NewsBite

Research predicts 739,000 unfillable roles by 2020

Aussie jobseekers are ignoring where future jobs will be, instead preparing for roles of the past and creating massive worker shortages by the end of next year.

Your university degree might be useless

Aussie jobseekers are ignoring where future jobs will be, instead preparing for roles of the past and creating massive worker shortages by the end of next year.

New Korn Ferry research predicted employers would struggle to fill as many as 739,000 positions for highly-skilled workers by 2020, exacerbated by Australia approaching “full employment”.

Are Aussies over-qualified but under-skilled? Picture: iStock
Are Aussies over-qualified but under-skilled? Picture: iStock

Korn Ferry organisational strategy practice head Andrew Lafontaine said more people were graduating university yet they were having trouble finding work in their field, meanwhile other jobs were going unfilled.

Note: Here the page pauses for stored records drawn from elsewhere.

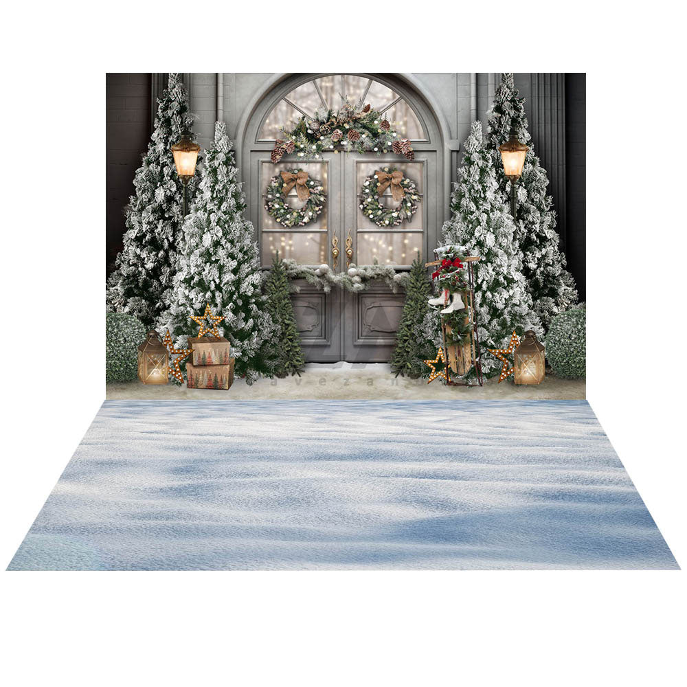 Ensemble de 2 toiles de fond avec sapin et couronne de Noël d'Avezano
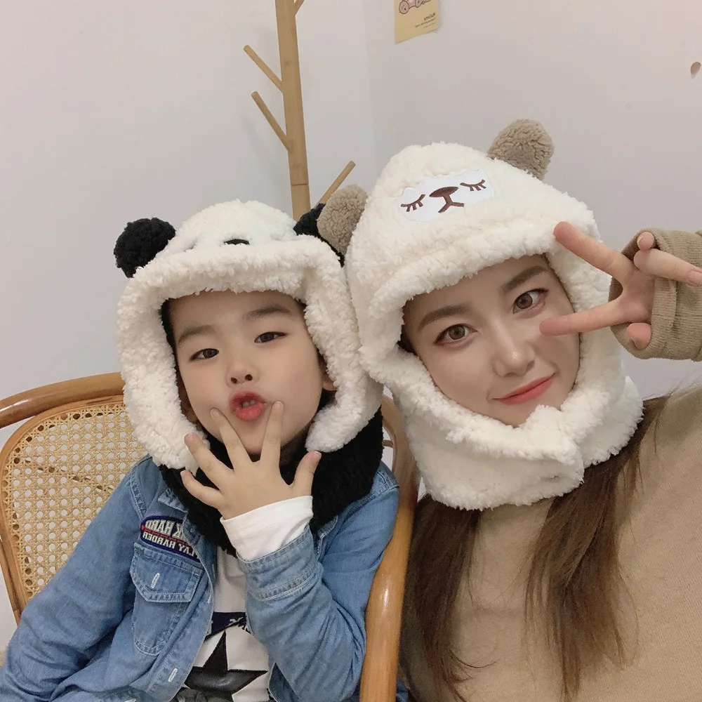 Зимний милый мультяшный медведь ягненок плюшевый теплый Твердые крышки шарф Набор Маска утолщенная защита Ушная шапка для женщин девочек подарок на Новый год
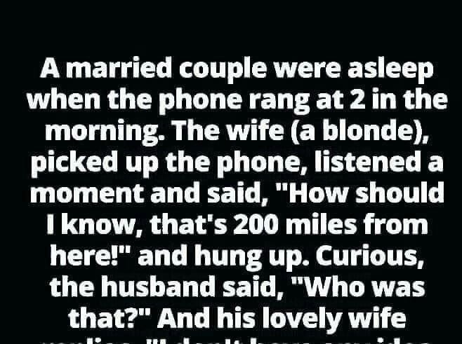 A married couple were asleep when the phone rang at 2 in the morning. The wife (a blonde) picked up the phone, listened for a moment, and said,
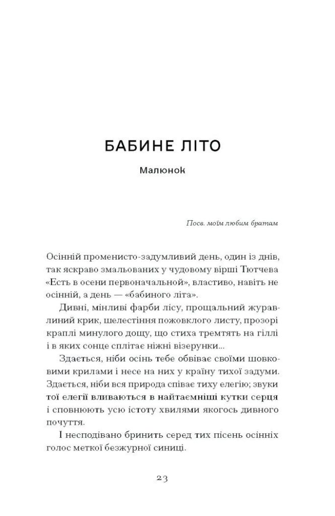 Максим Рильський знаний насамперед як поет і перекладач, та мало кому відомо про його прозовий доробок. Оповідання раннього періоду — це переважно ліричні етюди, пройняті елегійними настроями, хоча інколи й романтично забарвлені. Це й літературні казки, і малюнки, втілені в слова, і враження від зачарування природою та великоднім ранком, а також потуга епічного полотна «Веселі брати», яке постало зі споминів про гімназійних товаришів. Добірка містить есеї із циклу «Вечірні бесіди», спогади про сучасників, оповідки й бувальщини про дозвілля, збуте на полюванні й рибальстві, міркування про театр і культурні здобутки. А в мандрівних нотатках переважає ліричне сприйняття світу незнаних країв, враження від пейзажу й архітектури, гастрономічні чарунки, а також тепло зустрічей зі світовими митцями, зокрема від гостини в Луїса Арагона та подив від споглядання картини «Голуб миру» Пабло Пікассо.
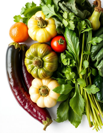 Fresh Vegetables and Herbs on White Background. Healthy Eating Concept.
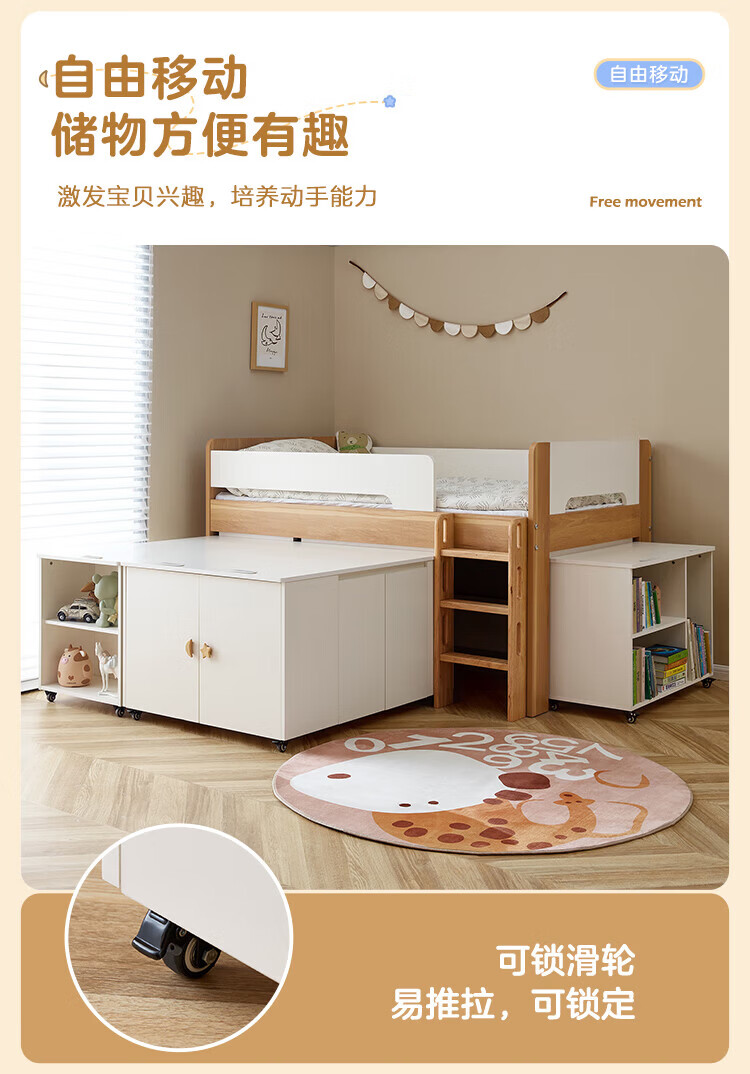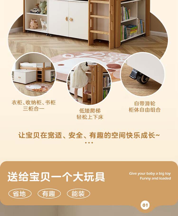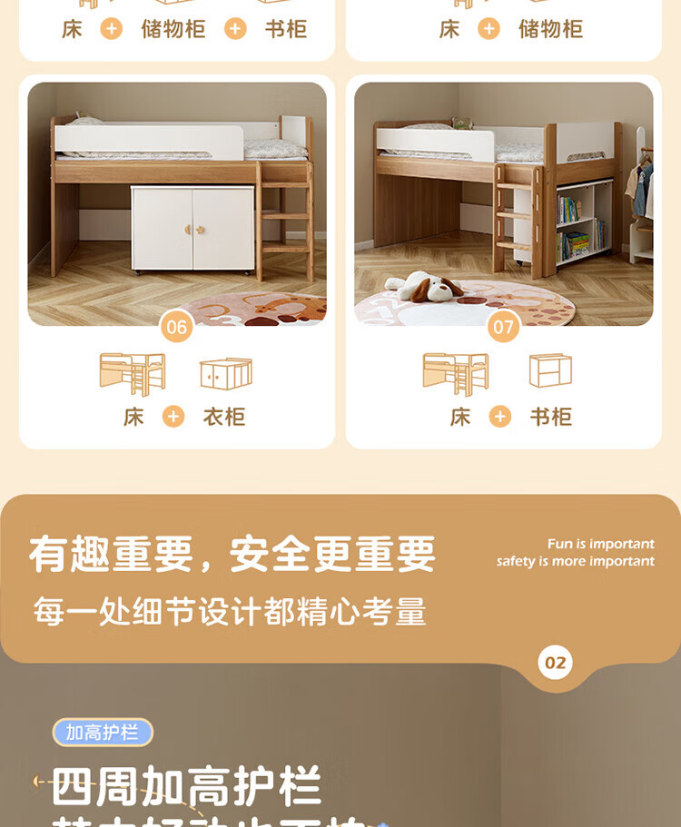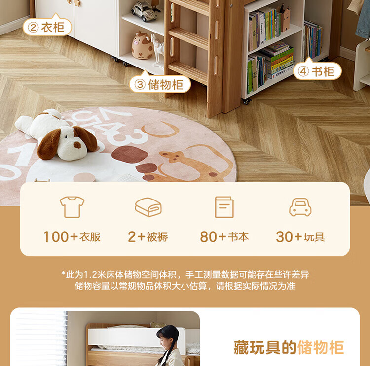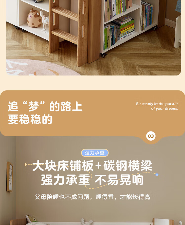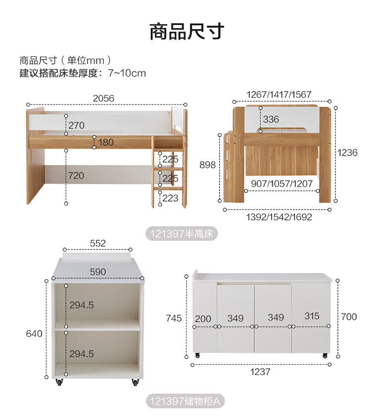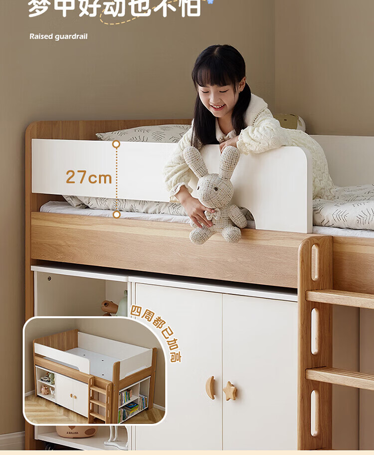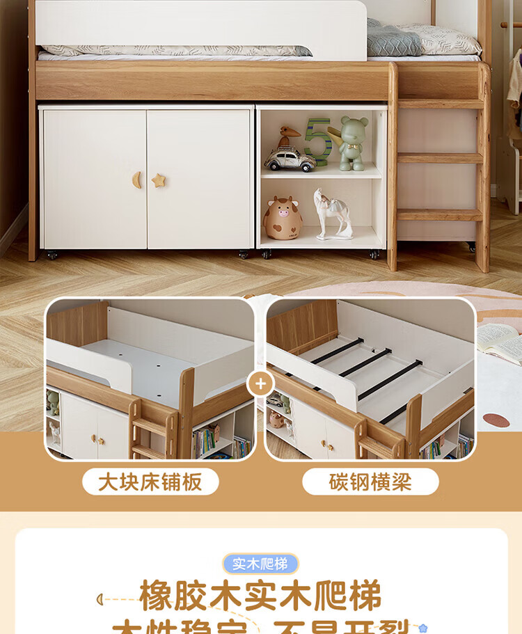 全友家居原木风学生单人床1米2小户型上床下柜半高床组合储物柜套装 【开放式书柜款】0.9m储物柜C
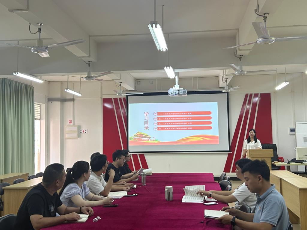 杨木兰从“为什么学”、“学什么”和“如何学”为框架,从党的自我革命这一当前重要任务出发,讲述新修订的《中国共产党纪律处分条例》的重要意义和学习要求。杨木兰结合《中国共产党纪律处分条例》与工作实际进行了讲解,提醒全体党员需存敬畏之心,在各项工作和日常生活当中提高风险防范意识,自觉学纪、严格守纪,以严明的纪律筑牢思想防线。
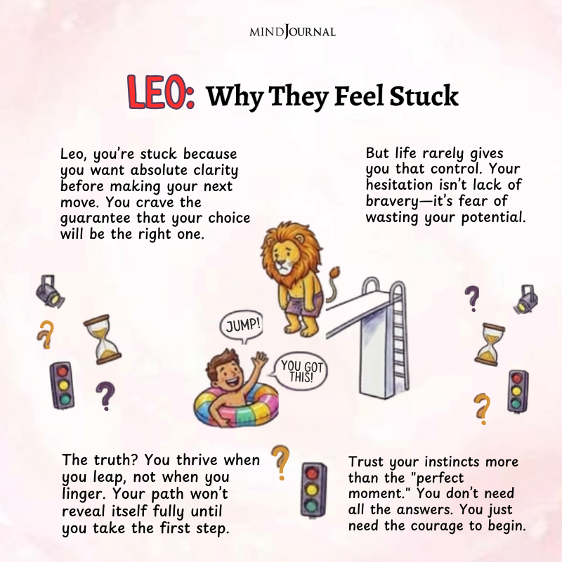 Leos have vision, talent, and a presence that instantly lights up the room. But somewhere along the way, the approval of others became the gas in their engine. The feeling stuck experience for Leo is rooted in external validation. When their efforts go unnoticed, they start to feel invisible. And that’s where the stuck feeling creeps in.
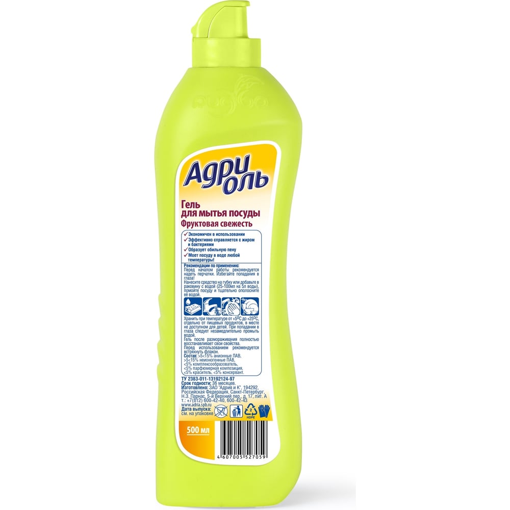 Средство для мытья посуды Адриоль 500 Фруктовая свежесть 1069874
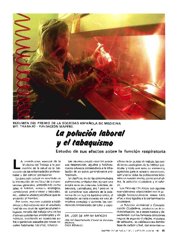 La Polución laboral y el tabaquismo : estudio de sus efectos sobre la función respiratoria
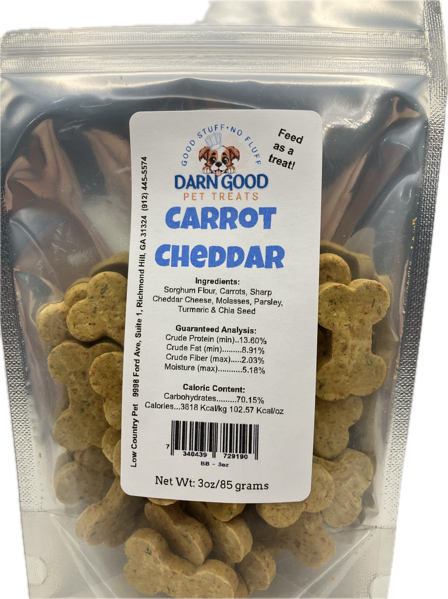 Choose Darn Good Pet Treats Carrot & Cheddar Cheese Dog Cookies for a snack that combines taste and health. Whether for training purposes or as a special indulgence, these cookies are sure to become a favorite for your furry family member.

They did not want the roles that were forecast for future shortages, instead continuing to chase the roles of the past.

Federal Government projections found personal assistants, secretaries, bank workers, surveyors and mining engineers would be among the workers in decline in the next five years.

Steve Shepherd, chief executive of career coach TwoPointZero, recommended avoiding routine roles that could be automated in a cost-effective way.

“I would be looking very carefully at certain types of roles, such as entry-level law,” he said.

“I’d be thinking ‘How many opportunities are there and how many graduates are there? Am I joining a long queue of graduate lawyers when there are only a few jobs in that space?’”

MORE: Young workers worry most about job security

MORE: Why females leaders must stop being like men

Mr Lafontaine said the nature of work and what organisations wanted from graduates was changing.

He said talent shortages existed for people who understood the intricacies of technology — such as cyber security and cloud experts — but also people who knew more broadly how to apply digital solutions in business.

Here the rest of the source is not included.